Edwin Lineham

Personal information
- Full name: Edwin Lineham
- Born: 28 April 1879 Portsmouth, Hampshire, England
- Died: 12 August 1949 (aged 70) Portsmouth, Hampshire, England
- Batting: Unknown

Domestic team information
- 1898: Hampshire

Career statistics
| Competition | First-class |
| Matches | 1 |
| Runs scored | 0 |
| Batting average | 0.00 |
| 100s/50s | –/– |
| Top score | 0* |
| Catches/stumpings | –/– |
- Source: Cricinfo, 14 January 2010

= Edwin Lineham =

English cricketer

Edwin Lineham (28 April 1879 — 12 August 1949) was an English first-class cricketer.

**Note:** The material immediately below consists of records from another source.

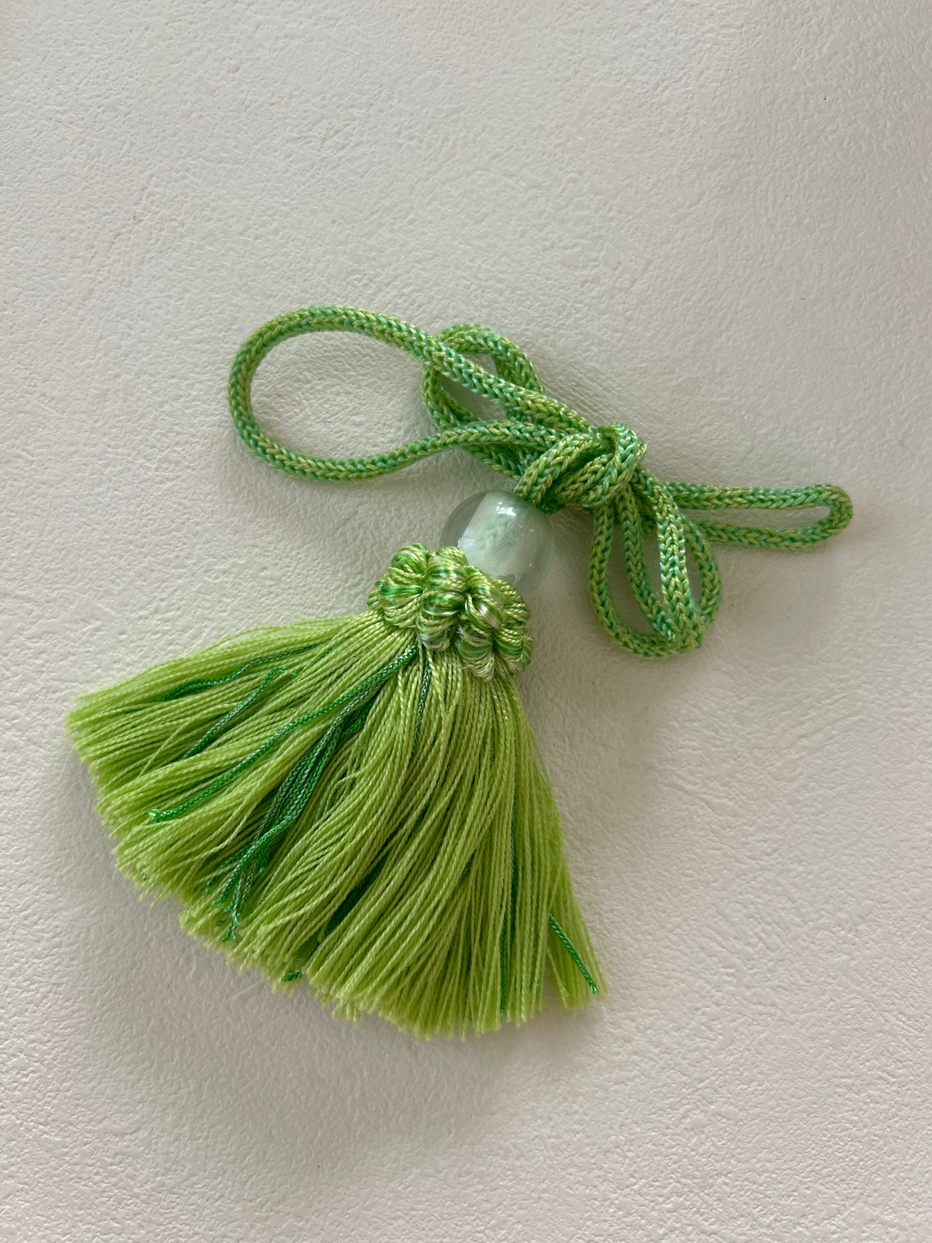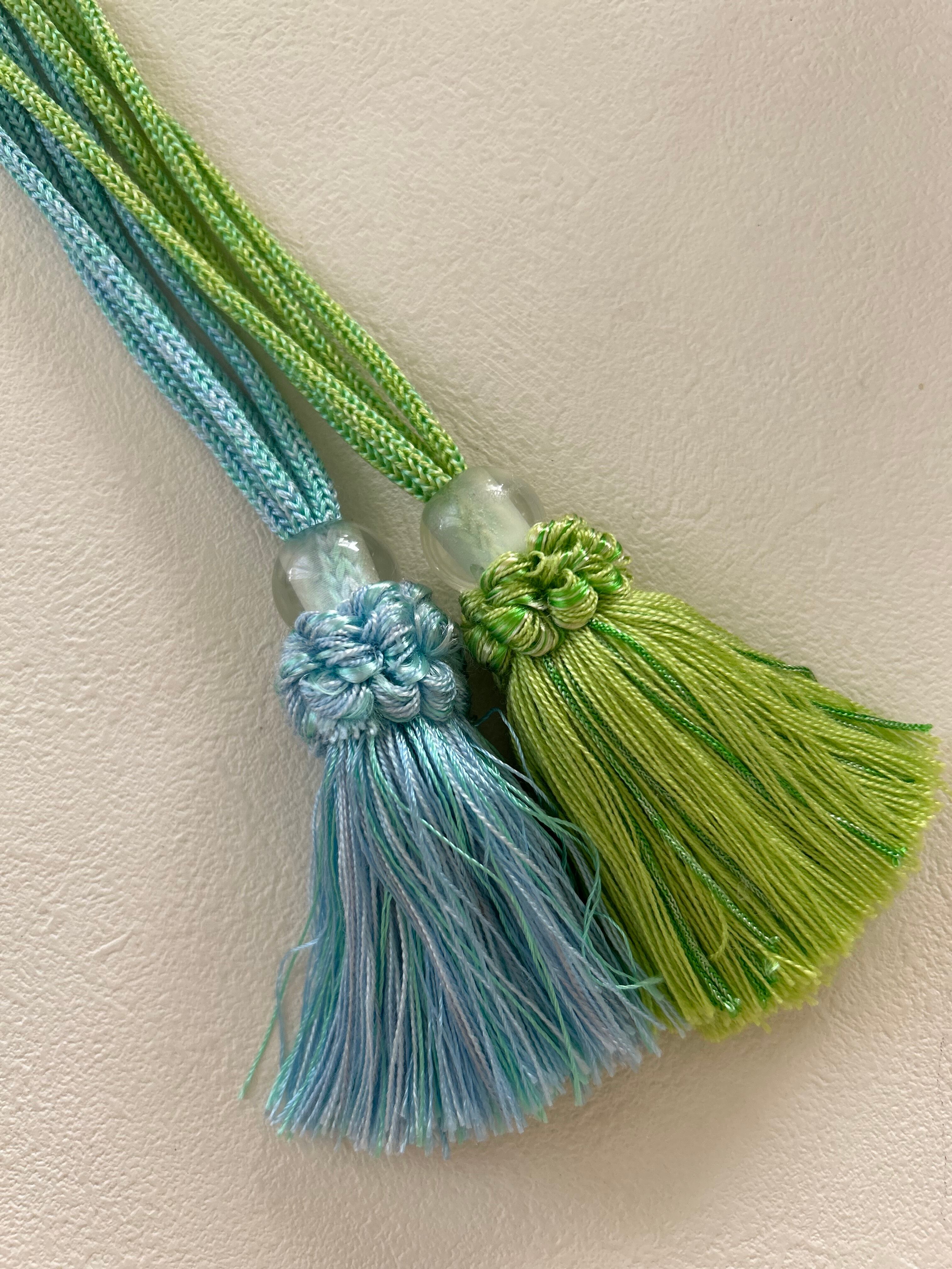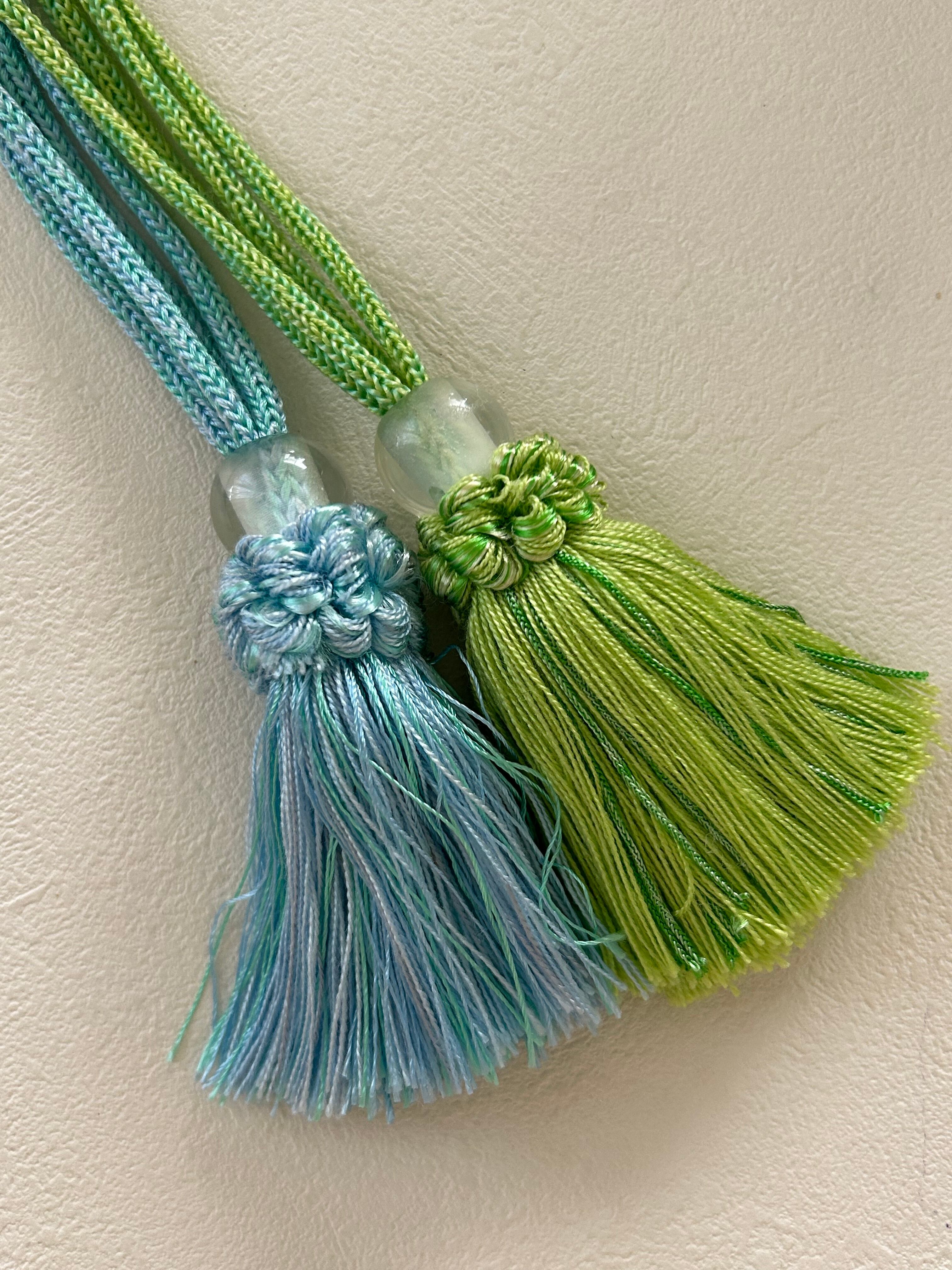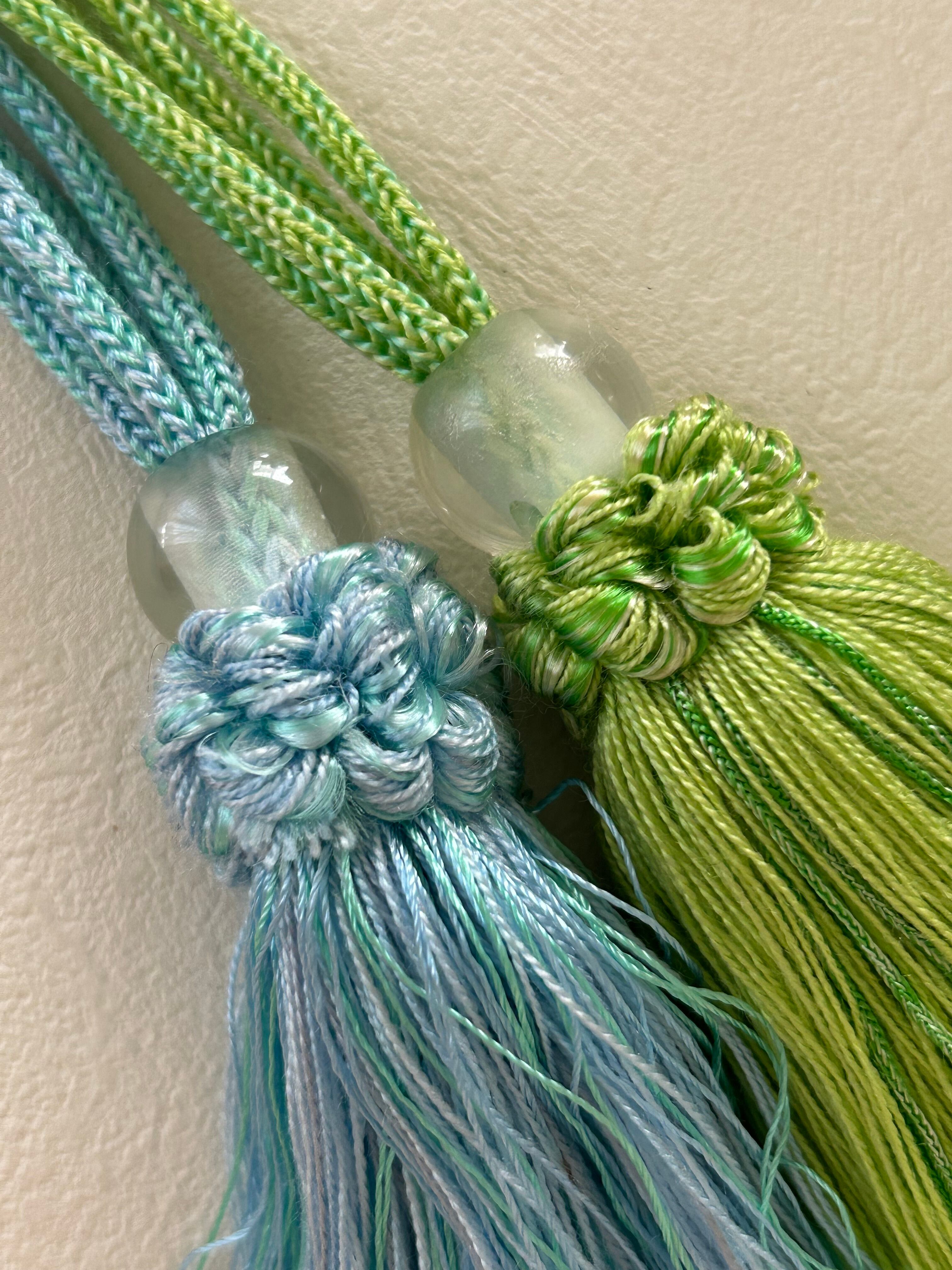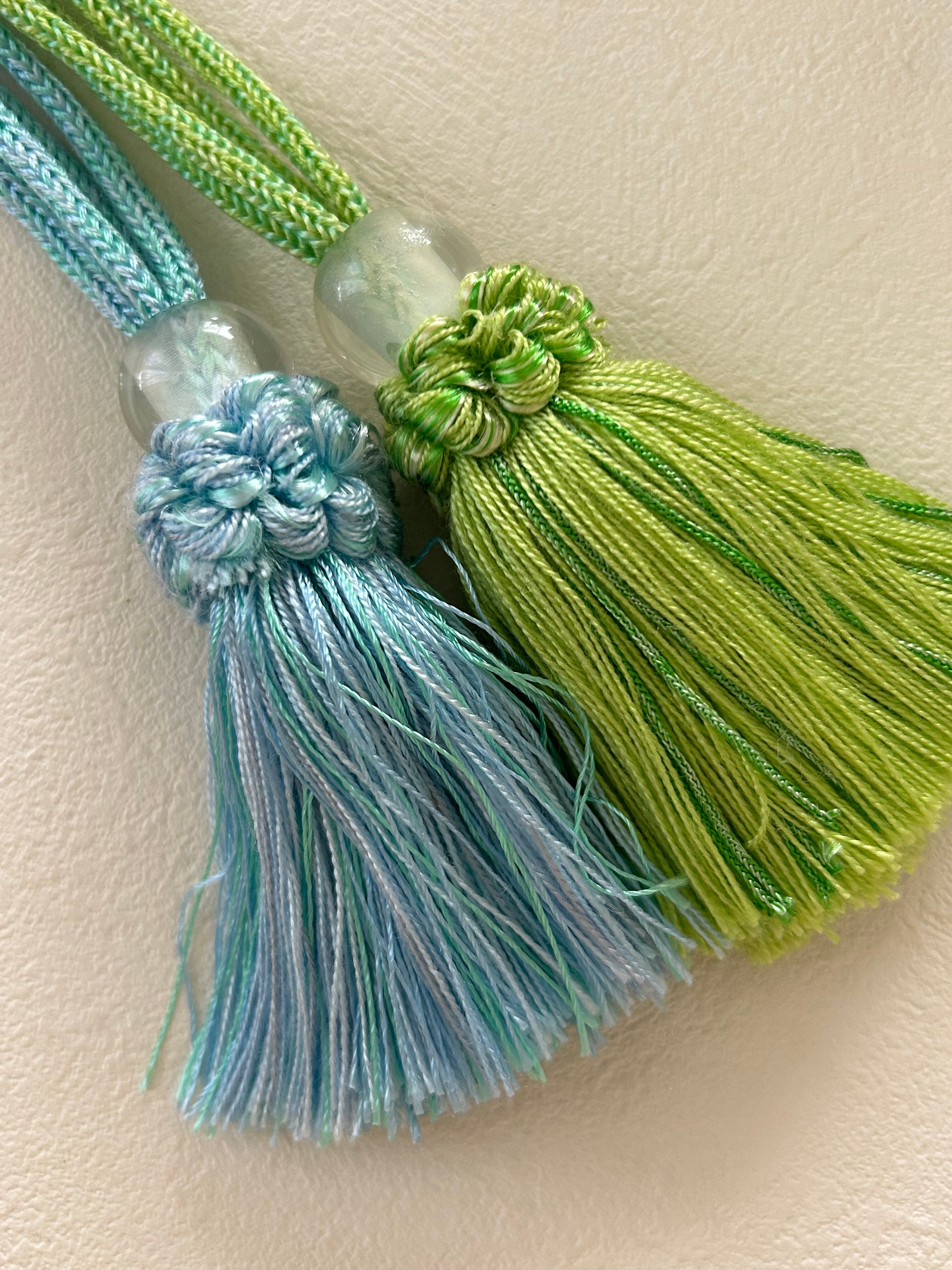 ロープタッセル フランス インテリアタッセル. イエローグリーン/ライトブルー 9cm カルトナージュ カーテンタッセル デコレーション材
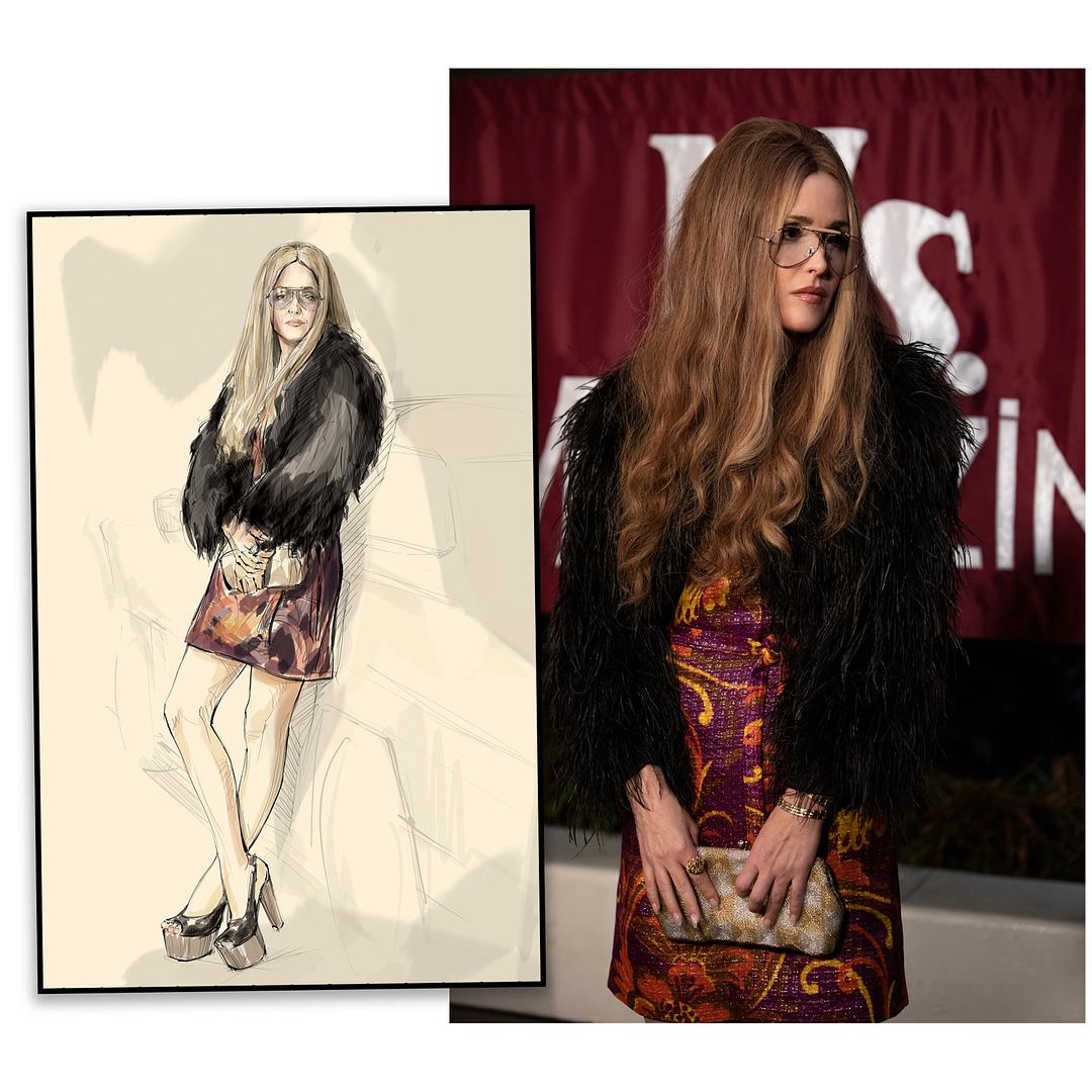 服装师甚至在Etsy(美国电商平台)上淘到施拉夫利1982年出席晚宴时穿过的一条极具未来风的多明尼加时装品牌Oscar de la Renta长裙(剧集宣传海报上的那一条),并将它移用在了1979年那场著名的“ERA死亡宴会”上。
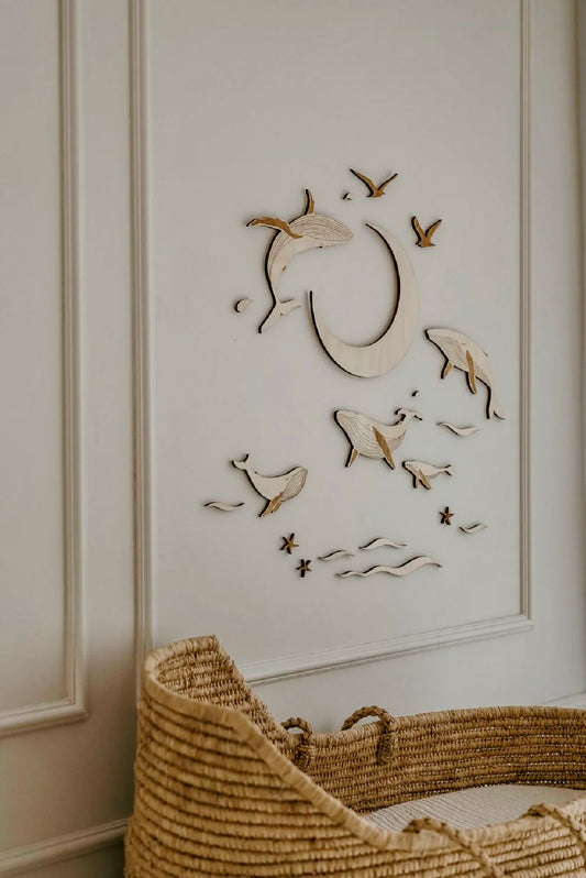 Set décoration en bois - Thème baleine
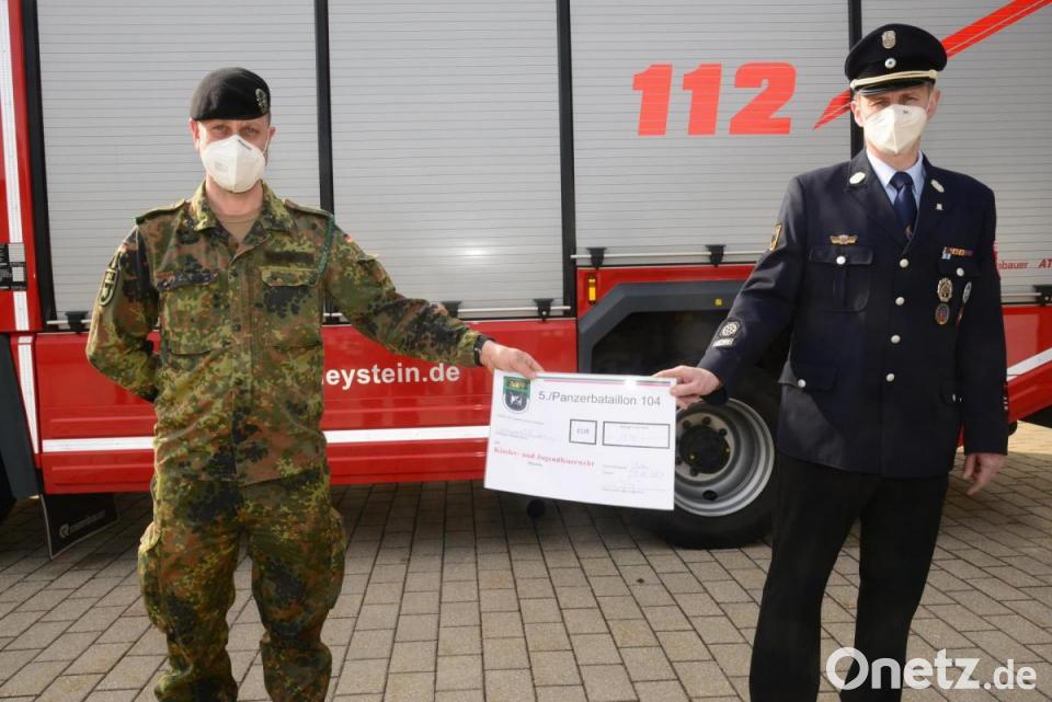 Die 5. Kompanie des Panzerbataillons 104, per Patenschaft eng mit der Stadt Pleystein verbunden, übergab durch Kompaniechef Oberleutnant Olaf Niederdräing den Feuerwehren in der Großgemeinde für die Jugendarbeit den stolzen Betrag von 1500 Euro.
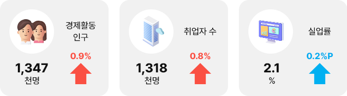 전년동월비(경제활동인구, 취업자수) / 전년동월차(실업률)

Lineham was born in the Landport district of Portsmouth in April 1879. He made a single appearance in first-class cricket for Hampshire against Lancashire at Old Trafford in the 1898 County Championship. Batting twice in the match, he was dismissed without scoring by Johnny Briggs in Hampshire's first innings, while in their second innings he was promoted from the middle order to open the batting alongside Ledger Hill, but ended Hampshire's brief one over innings unbeaten without scoring. Lineham died in Fratton, Portsmouth aged 70.